There are different plots of land run by different food forest teams along with a compost and greenhouse. To keep the forest uniform and useful for everyone, there are harvesting guidelines for residents, but the volunteers are able to pick some of the ready crops they grew. 

Kennae Hunter | Avant-Youth

Although Halev is majoring in Sociology and Sustainability, her involvement with the Urban Food Forest opened her eyes to the global need for food and nutrition. Her team has been growing the community compost system since September, although it has been built for a year and a half. Halev is interested in food systems and helping them get into more urban areas at low cost.  

“Compost is old food that, after several weeks of digesting water, air and turning it, turns into soil that’s really rich and grows new food,” Halev said. “It’s recycling food and nutrients from the community and the garden to grow food for the community and the garden.”

Composting bins. Kennae Hunter | Avant-Youth

 The community compost team partnered with Gooder and the Greening Youth Foundation because they were able to bring in more youth to participate in agricultural conservation through green jobs. The extra hands in this project allowed the team to turn over 1000 pounds of food into soil this past semester. 

“I worked with the Greening Youth Foundation, a Youth Corps., that would come out here every week,” Halev said. “We would learn about compost and learn about the benefits of environmental education, why it’s important, food, food access and try to draw the larger picture than just compost.” 

The edible crops are planted among native plants and shrubs to provide a stronger ecosystem for native wildlife and allow for regeneration of edible food in the community. Residents of the Brown’s Mill neighborhood can apply for a permit to grow there now that it is prepped and has its own plot of land. 

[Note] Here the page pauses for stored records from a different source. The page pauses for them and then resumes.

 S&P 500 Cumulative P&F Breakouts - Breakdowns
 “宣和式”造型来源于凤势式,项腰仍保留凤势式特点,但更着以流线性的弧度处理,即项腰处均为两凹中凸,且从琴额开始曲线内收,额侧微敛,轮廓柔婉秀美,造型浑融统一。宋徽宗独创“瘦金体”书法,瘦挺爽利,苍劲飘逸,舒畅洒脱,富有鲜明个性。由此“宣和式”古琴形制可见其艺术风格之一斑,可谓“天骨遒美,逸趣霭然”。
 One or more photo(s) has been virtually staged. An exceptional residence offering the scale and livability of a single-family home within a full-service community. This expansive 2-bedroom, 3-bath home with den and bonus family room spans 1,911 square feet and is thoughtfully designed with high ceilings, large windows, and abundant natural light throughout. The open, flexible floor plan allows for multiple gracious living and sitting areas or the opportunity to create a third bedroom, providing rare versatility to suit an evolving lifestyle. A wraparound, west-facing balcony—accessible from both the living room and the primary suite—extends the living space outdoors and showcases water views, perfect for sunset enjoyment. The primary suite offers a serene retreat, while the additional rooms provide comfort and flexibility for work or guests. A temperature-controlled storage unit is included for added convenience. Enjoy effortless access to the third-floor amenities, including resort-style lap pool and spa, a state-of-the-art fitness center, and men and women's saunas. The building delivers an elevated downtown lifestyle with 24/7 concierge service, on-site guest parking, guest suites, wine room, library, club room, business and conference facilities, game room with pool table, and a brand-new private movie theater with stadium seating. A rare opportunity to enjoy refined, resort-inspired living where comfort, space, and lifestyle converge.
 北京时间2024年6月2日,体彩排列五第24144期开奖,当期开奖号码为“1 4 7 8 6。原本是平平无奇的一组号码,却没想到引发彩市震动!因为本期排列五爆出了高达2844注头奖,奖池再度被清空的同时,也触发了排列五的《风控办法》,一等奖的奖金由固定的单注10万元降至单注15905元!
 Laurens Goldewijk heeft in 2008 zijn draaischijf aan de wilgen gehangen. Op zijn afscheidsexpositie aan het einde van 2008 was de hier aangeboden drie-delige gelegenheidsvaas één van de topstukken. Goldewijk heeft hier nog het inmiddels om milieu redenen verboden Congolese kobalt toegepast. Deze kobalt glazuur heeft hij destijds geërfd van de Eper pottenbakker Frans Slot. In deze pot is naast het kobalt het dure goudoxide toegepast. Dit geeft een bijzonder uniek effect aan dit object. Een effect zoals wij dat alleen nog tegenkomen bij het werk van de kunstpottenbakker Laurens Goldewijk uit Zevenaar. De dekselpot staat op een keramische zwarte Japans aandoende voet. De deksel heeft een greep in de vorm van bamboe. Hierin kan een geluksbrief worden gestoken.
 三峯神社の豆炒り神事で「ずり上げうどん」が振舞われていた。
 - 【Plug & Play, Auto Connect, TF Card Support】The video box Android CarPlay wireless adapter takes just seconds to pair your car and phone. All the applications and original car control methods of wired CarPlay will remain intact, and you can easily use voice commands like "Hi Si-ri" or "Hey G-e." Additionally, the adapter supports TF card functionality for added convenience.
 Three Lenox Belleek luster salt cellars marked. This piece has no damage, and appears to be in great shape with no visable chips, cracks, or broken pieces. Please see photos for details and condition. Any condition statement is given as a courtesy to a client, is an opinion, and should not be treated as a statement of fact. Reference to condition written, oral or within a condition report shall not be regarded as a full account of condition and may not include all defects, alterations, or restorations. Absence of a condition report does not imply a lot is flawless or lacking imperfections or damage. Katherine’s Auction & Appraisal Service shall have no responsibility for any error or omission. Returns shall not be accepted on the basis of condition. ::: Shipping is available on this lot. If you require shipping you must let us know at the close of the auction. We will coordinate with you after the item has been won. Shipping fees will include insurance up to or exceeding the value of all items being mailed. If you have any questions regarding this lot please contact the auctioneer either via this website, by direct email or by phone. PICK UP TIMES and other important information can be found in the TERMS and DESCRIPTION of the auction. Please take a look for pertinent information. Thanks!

Kennae Hunter | Avant-Youth

Halev hopes to work in a field that increases access to healthy foods for everyone and not just those of the upper class able to afford it. Although she knows the direction she is headed in, she is still trying to find which route to take regarding social work or agriculture. 

“What I am interested in right now is increasing plant based foods in stores and increasing grocery markets as well,” Halev said. “Plant based, as in increasing use of healthy foods, not being vegan or anything. The foods available in neighborhoods like this are low cost fast food chains. I believe the stores nearby should have fruits and vegetables available at the same cost as a small bag of chips.”

The McDonald’s plant based substitute, the “Impossible burger,” is an example provided by Halev as an alternative to eating the less nutritious beef option. She believes introducing more tasty, “feel good” foods as a replacement to the less healthy options will generate a more positive response from the community, creating a stepping stone to better nutrition patterns. 

“It will be difficult because food is very personal,” Halev said. “It is culturally very personal and people have really strong preferences on what they eat, so it is tough to say ‘you need to change what you eat.’ But, I think it starts with education and we don’t have nearly enough education in our school system about what nutrition is and how it affects our bodies. It is new and more science is coming out about how poor diets are directly linked to poor health.”

The ultimate goal of the Urban Food Forest is to create sustainability at lower costs and greenhouse productions.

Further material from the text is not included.